While the original submission had several weaknesses, the authors have appropriately addressed all issues raised. There are inevitable weaknesses remaining, but these are appropriately highlighted in the discussion. Remaining weaknesses that remain - but are highlighted in the discussion - include the fact that the main exposure of interest is only measured at one time-point whereas outcomes are assessed over a long time period, the inclusion of prevalent users leading to potential bias (e.g. those experiencing bad outcomes already stopping because of side-effects before inclusion in the study), and the possibility of unmeasured confounding explaining observations (e.g. severity of underlying comorbidities leading to PPI prescriptions combined with the absence of information about comorbidity severity), and potential selection bias.

Reviewer #2 (Public Review):

This paper examined how the activity of neurons in the entopeduncular nucleus (EPN) of mice relates to kinematics, value, and reward. The authors recorded neural activity during an auditory-cued two-alternative choice task, allowing them to examine how neuronal firing relates to specific movements like licking or paw movements, as well as how contextual factors like task stage or proximity to a goal influence the coding of kinematic and spatiotemporal features. The data shows that the firing of individual neurons is linked to kinematic features such as lick or step cycles. However, the majority of neurons exhibited activity related to both movement types, suggesting that EPN neuronal activity does not merely reflect muscle-level representations.

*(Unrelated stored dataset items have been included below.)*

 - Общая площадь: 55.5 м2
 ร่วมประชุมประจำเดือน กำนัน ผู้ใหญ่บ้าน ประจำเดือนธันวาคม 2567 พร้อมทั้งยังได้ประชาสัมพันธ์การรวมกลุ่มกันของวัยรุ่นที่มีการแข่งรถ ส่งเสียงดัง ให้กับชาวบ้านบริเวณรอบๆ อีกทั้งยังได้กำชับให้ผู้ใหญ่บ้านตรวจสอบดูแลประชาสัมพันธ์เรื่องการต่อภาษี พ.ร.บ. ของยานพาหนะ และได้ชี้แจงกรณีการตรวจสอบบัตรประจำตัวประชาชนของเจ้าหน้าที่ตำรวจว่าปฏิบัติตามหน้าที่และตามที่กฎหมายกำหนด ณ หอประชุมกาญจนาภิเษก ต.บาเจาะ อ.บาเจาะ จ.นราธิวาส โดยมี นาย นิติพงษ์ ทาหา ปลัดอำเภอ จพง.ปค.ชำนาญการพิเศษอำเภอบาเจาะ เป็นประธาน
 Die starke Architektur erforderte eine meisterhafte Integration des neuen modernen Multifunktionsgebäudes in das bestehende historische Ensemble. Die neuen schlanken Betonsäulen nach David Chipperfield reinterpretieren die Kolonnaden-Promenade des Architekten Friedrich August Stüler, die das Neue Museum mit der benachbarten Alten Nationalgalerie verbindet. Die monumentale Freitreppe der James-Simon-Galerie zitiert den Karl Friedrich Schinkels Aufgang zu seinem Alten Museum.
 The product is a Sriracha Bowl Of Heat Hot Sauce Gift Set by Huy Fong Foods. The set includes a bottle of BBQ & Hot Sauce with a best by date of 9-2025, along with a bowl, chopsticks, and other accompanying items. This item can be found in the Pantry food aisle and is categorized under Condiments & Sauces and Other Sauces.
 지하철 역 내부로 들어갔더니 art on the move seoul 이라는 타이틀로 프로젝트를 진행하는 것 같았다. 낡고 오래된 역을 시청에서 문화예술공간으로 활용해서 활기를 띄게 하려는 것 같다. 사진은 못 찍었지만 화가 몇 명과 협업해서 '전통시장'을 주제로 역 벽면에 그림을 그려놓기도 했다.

This contradicts what would be expected from traditional action selection or action specification models of the basal ganglia.

The authors also show that spatiotemporal variables account for more variability compared to kinematic features alone. Using demixed Principal Component Analysis, they reveal that at the population level, the three principal components explaining the most variance were related to specific temporal or spatial features of the task, such as ramping activity as mice approached reward ports, rather than trial outcome or specific actions. Notably, this activity was present in neurons whose firing was also modulated by kinematic features, demonstrating that individual EPN neurons integrate multiple features. A weakness is that what the spatiotemporal activity reflects is not well specified. The authors suggest some may relate to action value due to greater modulation when approaching a reward port, but acknowledge action value is not well parametrized or separated from variables like reward expectation.

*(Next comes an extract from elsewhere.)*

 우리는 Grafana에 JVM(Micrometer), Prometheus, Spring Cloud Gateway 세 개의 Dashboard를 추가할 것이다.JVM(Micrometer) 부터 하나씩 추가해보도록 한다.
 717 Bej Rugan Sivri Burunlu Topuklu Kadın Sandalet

A key goal was to determine whether activity related to expected value and reward delivery arose from a distinct population of EPN neurons or was also present in neurons modulated by kinematic and spatiotemporal features. In contrast to previous studies (Hong & Hikosaka 2008 and Stephenson-Jones et al., 2016), the current data reveals that individual neurons can exhibit modulation by both reward and kinematic parameters. Two potential differences may explain this discrepancy: First, the previous studies used head-fixed recordings, where it may have been easier to isolate movement versus reward-related responses. Second, those studies observed prominent phasic responses to the delivery or omission of expected rewards - responses largely absent in the current paper. This absence suggests a possibility that neurons exhibiting such phasic "reward" responses were not sampled, which is plausible since in both primates and rodents, these neurons tend to be located in restricted topographic regions. Alternatively, in the head-fixed recordings, kinematic/spatial coding may have gone undetected due to the forced immobility.

Overall, this paper offers needed insight into how the basal ganglia output encodes behavior. The EPN recordings from freely moving mice clearly demonstrate that individual neurons integrate reward, kinematic, and spatiotemporal features, challenging traditional models. However, the specific relationship between spatiotemporal activity and factors like action value remains unclear.